Chinese Vice Consul (1849–1919)

Tye Kee Yoon (戴喜云 (Dài Xǐyún); 1849–1919) was a Vice Consul of Qing dynasty China in Penang, one of the founders and 'Five Great Sponsors,' of the Kek Lok Si owned property in Perak, and was proprietor of a business named Chop Hen Choong Toong. He arrived at Penang, a penniless coolie from China, in 1873, but by December 1907, had risen to the prominent position of diplomat. Success and recognition followed that appointment. He became a Revenue Farmer, and succeeded in obtaining the Gambling Farm for Taiping (Perak), the following year. In 1910 he was appointed to the Committee of the District Hospital, Penang.
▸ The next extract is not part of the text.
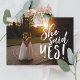 "Ela disse SIM!" em letra de estilo manuscrita sobre sua foto de sangria de cheio. Personalize a cor do gráfico e do backer para corresponder aos detalhes do seu casamento; excelente para salvar a data ou um anúncio ou festa do noivado.

Disaster soon followed success beginning with the death of his wife, Khoo Lye Neoh on Sunday 6 April 1913 and later that year, on Friday 14 November, of his daughter, Siew Kee Tye, the wife of Khoo Chye Hean.

He was Chinese Vice Consul in Penang between 1907 and 1911, an Acting Consul-General of Singapore from 1911 to 1912, toward the end of the Qing dynasty and a philanthropist of Lebuh Tye Kee Yoon fame. He was one of the largest individual town-property holders in the state.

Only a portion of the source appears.